Appendix B: Processing Resource Applet
Appendix C: Control Server Source Code
There's no single way to implement a distributed computing network. To at least have guidelines for moving forward, we declared the following for ourselves:
We will use the Python and Java programming languages.
The technologies and protocols used in our solution must be universally available, or nearly so.
The primary processing resources used by our solution will be ordinary desktop or laptop computers.
The components in our solution must be able to communicate over the Internet, without any requirement for custom configuration.
Our solution will solve a difficult computational problem, as proof of the concept.
We selected the Python programming language, for its extensive libraries, easy-to-read syntax, and because it is easy to learn and program in. As we are novice programmers, we needed these benefits to complete our project on time. Also, the wide availability of Python on Apache web servers, via the Common Gateway Interface (CGI), makes this a natural fit to our project.
We also decided to use Java – specifically, Java applets – in our solution. This way, a processing resource would be able to run the necessary calculations to solve our problem, simply by the act of the user browsing our web pages. An applet is a small Java application that executes in a "sandbox" within a browser[3]. This environment helps protect the user from malicious code. Java and browsers are extremely universal, and are most likely on a computer when its shipped by the original equipment manufacturer.

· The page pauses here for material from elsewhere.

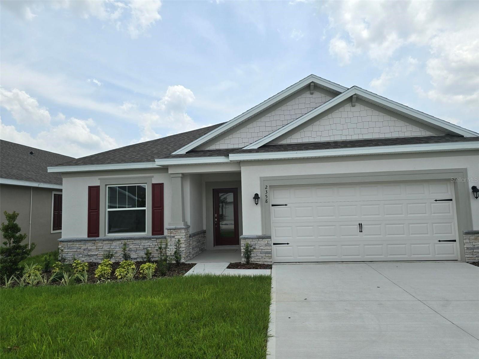 MOVE IN READY! BISCAYNE Model boasts a brick stone exterior along the bottom of the home. Home boasts an open floor plan with large covered lanai, great room room, big secondary bedrooms and an impressive owners suite which has a huge walk-in closet. Well appointed kitchen includes all stainless appliances, granite counter-tops in kitchen and bathrooms, kitchen island overlooking the dining and great room. Indoor laundry room. 10 Year Structural Warranty, Builders Warranty & Manufacturers warranties are all included.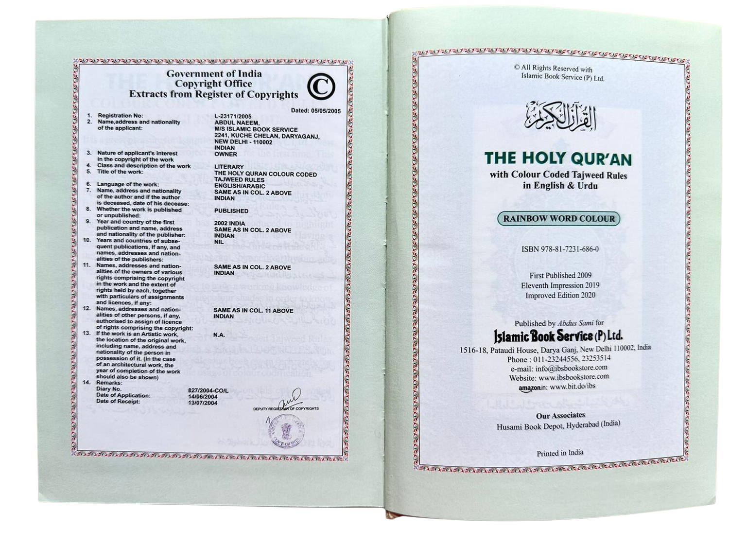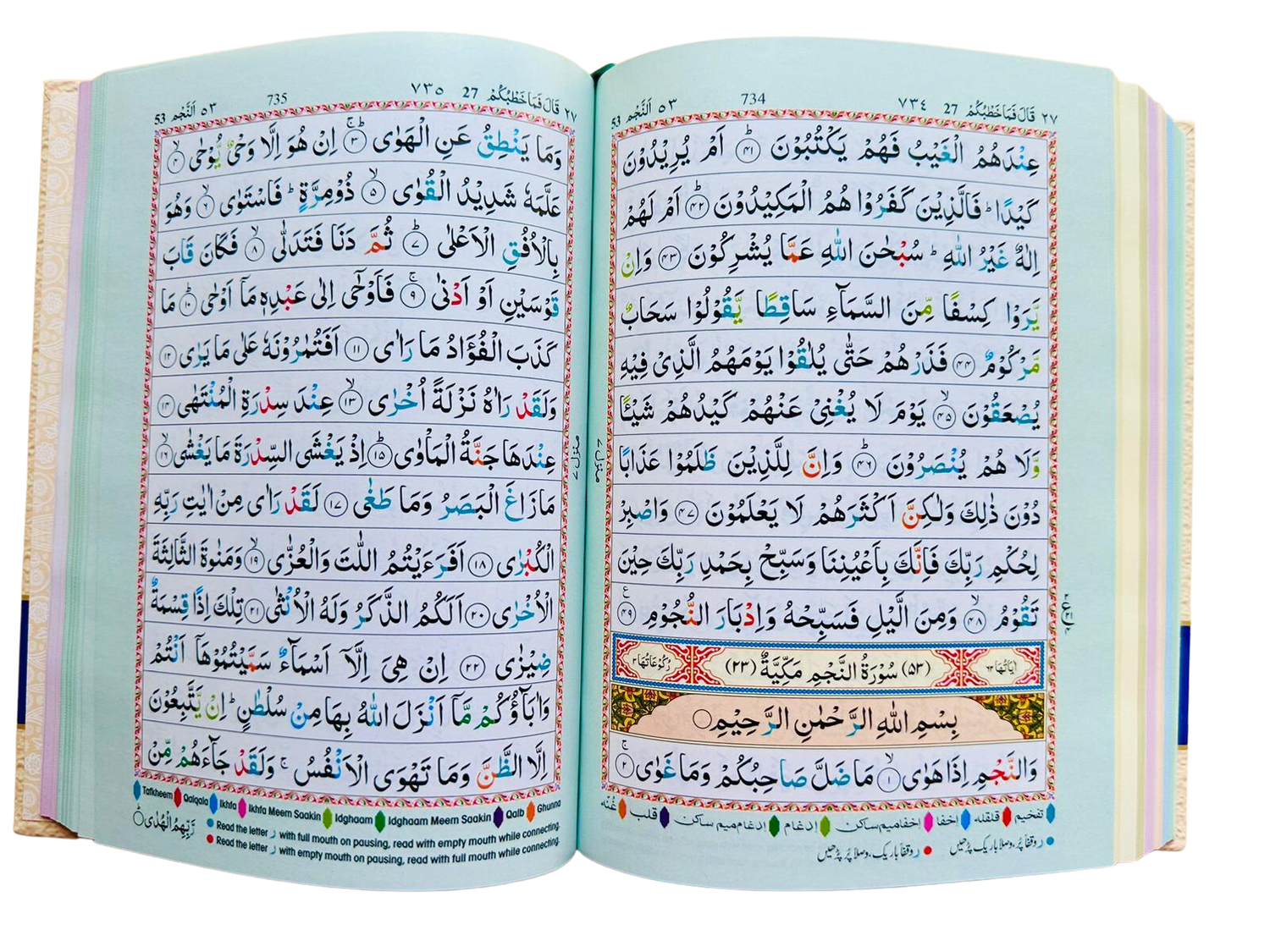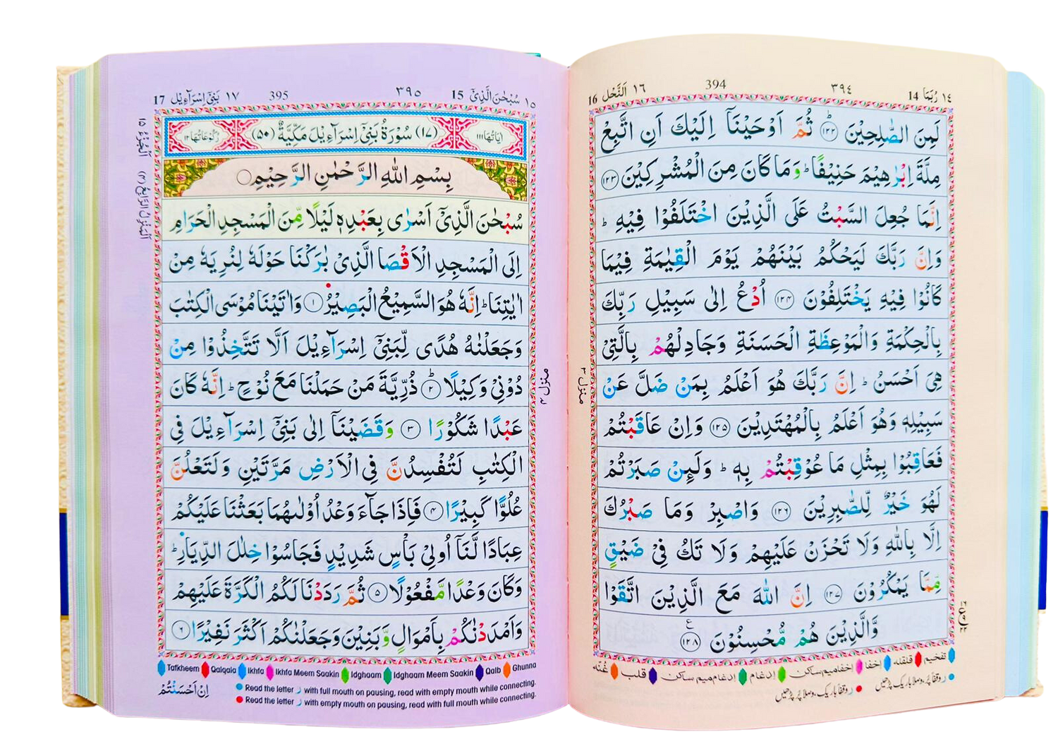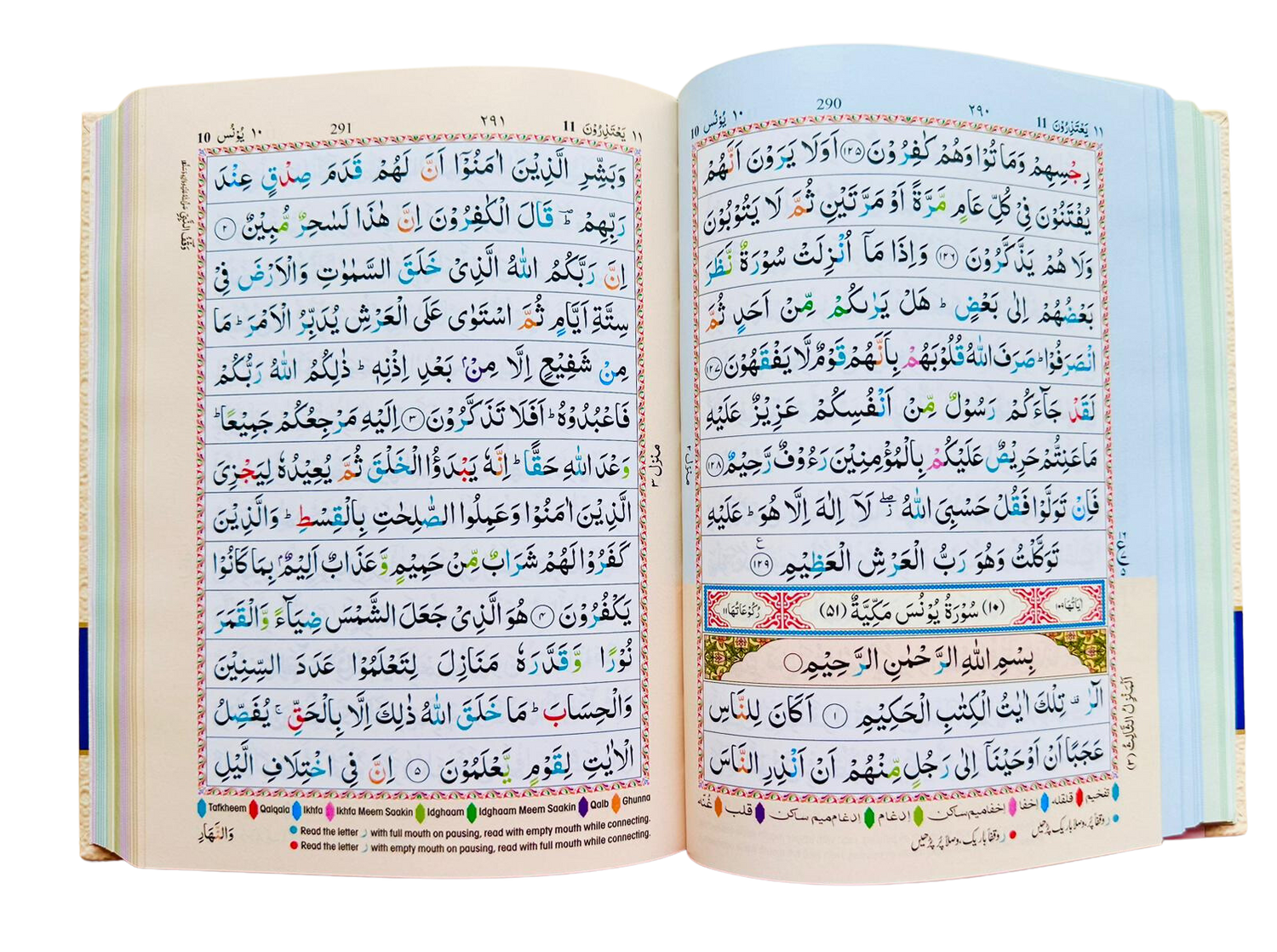 A color-coded Qu’an in an Arabic script that is easy to read for the non-Arabic speaking person as well. Seven different-color shades have been used: each color representing a different tajwid rule. Letters are coloured according to the corresponding tajweed rule. The actual rules of tajwid in English are included in the back of the Quran. This edition of the Qur’an can help those who desire to recite the Qur’an correctly with the proper pronunciations and intonations.

Other distributed computing projects, such as GIMPS and SETI@Home, generally use lower-level languages such as C or Assembly Language. Programs in these languages can be compiled for several different architectures and operating systems to achieve compatibility. However, when this code is highly optimized, fully porting it to different hardware can be very time consuming and expensive; for this reasons and others, some of these systems haven't yet been compiled for all current operating systems. In using Java for our processing resources, we are consciously trading some level of performance for broad portability.
Compatibility and interoperability is always a concern on heterogeneous networks such as the Internet. Different operating systems have different standards, and execute programs differently. In addition to the use of Java applets, we decided to deal with this by moving anything that isn't totally universal (e.g. the Python code) to the control server, implementing it via Apache CGI scripts. This allowed it to be accessed by anyone, regardless of operating system.
Similarly, we decided to implement the persistence portion of our solution with the MySQL database, (which has an open-source edition, available on most server platforms in wide use), and limit access to the database to the CGI scripts.
We wanted to use desktop or laptop machines, because there are an almost unlimited number of them, and they are getting faster and faster every year[4]. It's now possible (albeit still challenging) to build a distributed processing network that is equivalent (in many ways) to a supercomputer, made up entirely of consumer-level computers that volunteer to participate.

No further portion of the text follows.